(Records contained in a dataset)
---*---
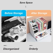 BlayaAdd Desk Organizer with Pen Holder, DIY White Office Stationery Desktop Storage Holder Sorter with Drawer for Home, Office and School (PB04)
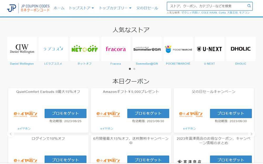 JPCouponcodes には現在 1000 以上のストアと提携して、この数は日に日に増加しています。 ユーザーは 安心 してクーポンを 検索 し 、伊達 のくらの 食品割引 や SANWA の 電器割引 などで 父 の 日 のご 準備 にお 得 に 買 い 物 をすることができます 。
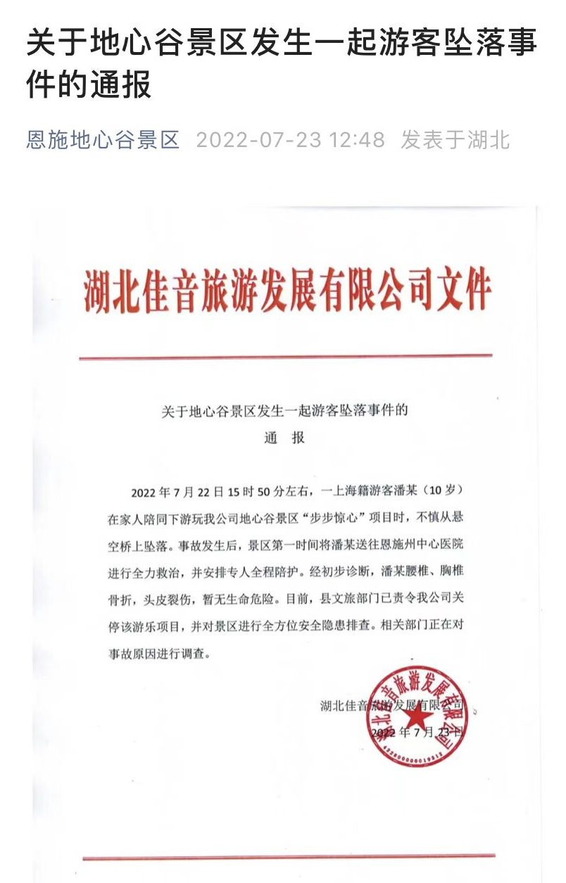 无独有偶,同日,湖北恩施地心谷景区的“步步惊心”项目也发生一起游客坠落事件。据湖北恩施地心谷景区微信公众号通报,2022年7月22日15时50分左右,一上海籍游客潘某(10岁)在家人陪同下游玩地心谷景区“步步惊心”项目时,不慎从悬空桥上坠落。经初步诊断,潘某腰椎、胸椎骨折,头皮裂伤,暂无生命危险。目前,涉事项目均已关停整顿。
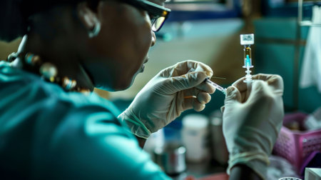 A close-up of a healthcare worker's hands as they meticulously prepare a vaccine, symbolizing hope and the pivotal role of immunization in public health.
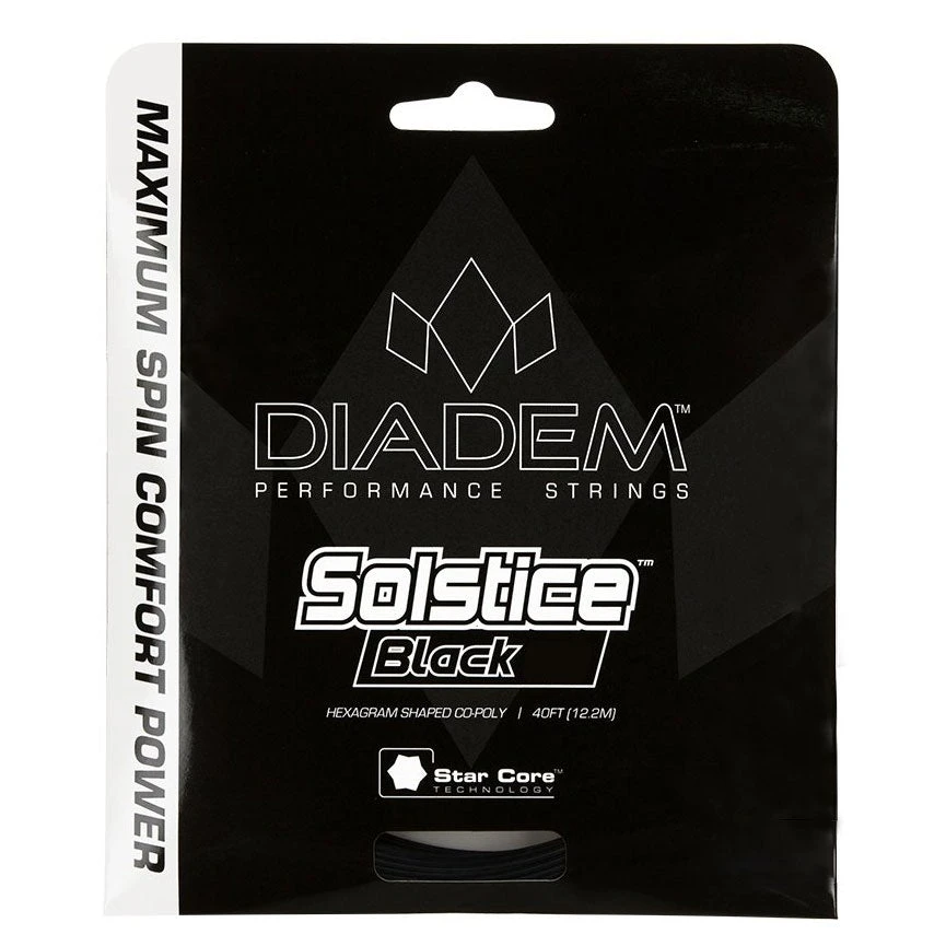 Diadem Solstice Black is a new generation of a comfortable soft co-poly with a six-pointed star shape and an even softer feel than Solstice Power. Diadem Solstice Black also delivers better tension maintenance thanks to an updated extrusion process. The result is a string that combines a low-friction surface with maximum ball bite. In other words, this string was built for spin – massive spin.
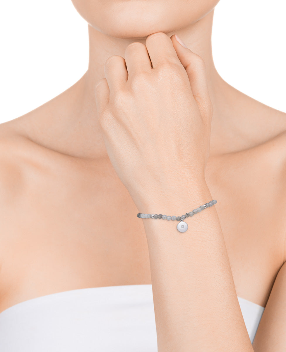 Pulseira Trend em prata elástica com labradorita cinza e disco central com zircônia
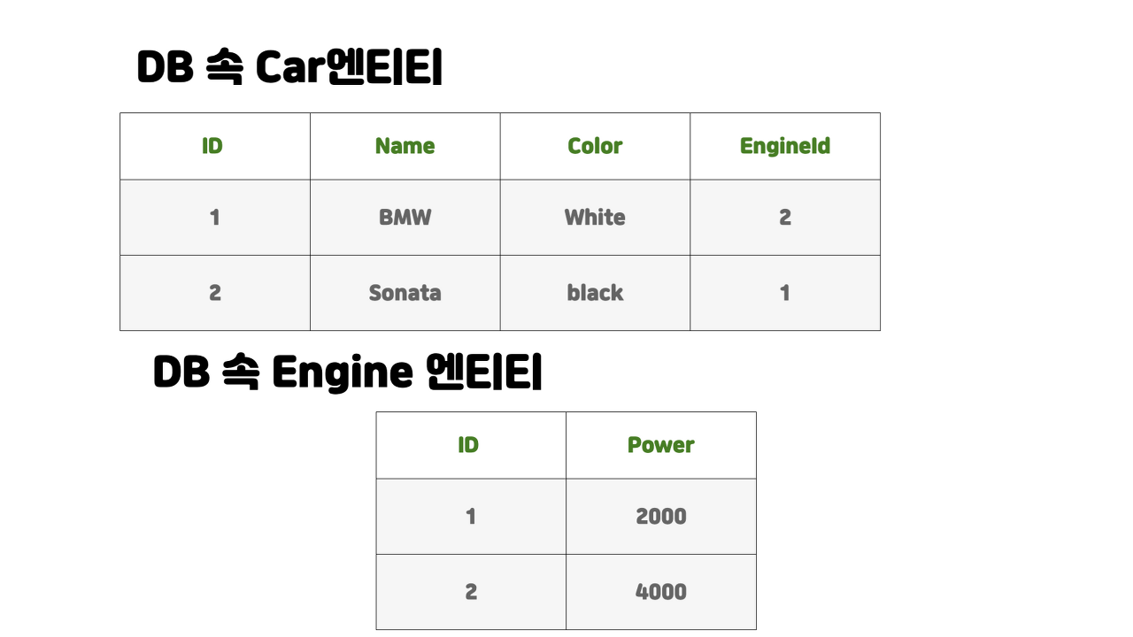 JPA를 통해 위의 Car클래스와 Engine 클래스는 다음과 같이 생성됩니다.
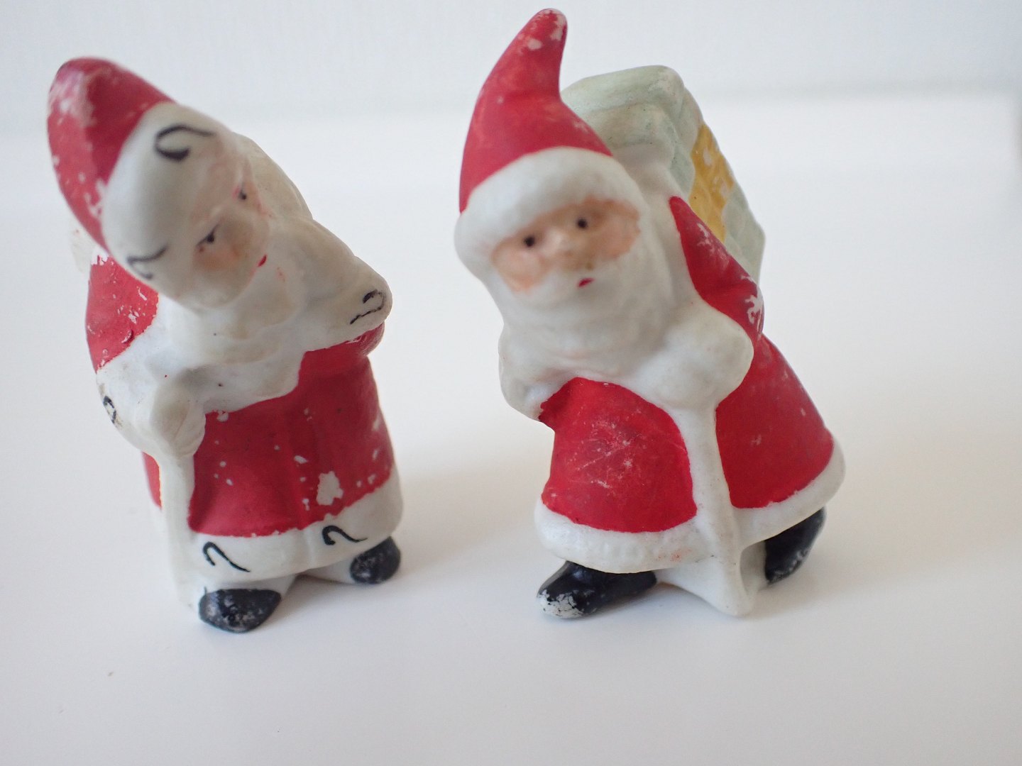 4 håndmalede tyske biscuit julemænd 2 med gavesække på ryggen og 2 uden.. Ca. 1930. Højde: 2 stk. på 3,8 til 250 kr. pr. stk. og 2 stk. 5 cm. til 300 kr. pr. stk. I pæn tidstypisk stand. Dealer
---*---
The answer must be the lines above, word for word, from the first one through the line with "JPCouponcodes には現在 1000", pictures excluded.

 BlayaAdd Desk Organizer with Pen Holder, DIY White Office Stationery Desktop Storage Holder Sorter with Drawer for Home, Office and School (PB04)
 JPCouponcodes には現在 1000 以上のストアと提携して、この数は日に日に増加しています。 ユーザーは 安心 してクーポンを 検索 し 、伊達 のくらの 食品割引 や SANWA の 電器割引 などで 父 の 日 のご 準備 にお 得 に 買 い 物 をすることができます 。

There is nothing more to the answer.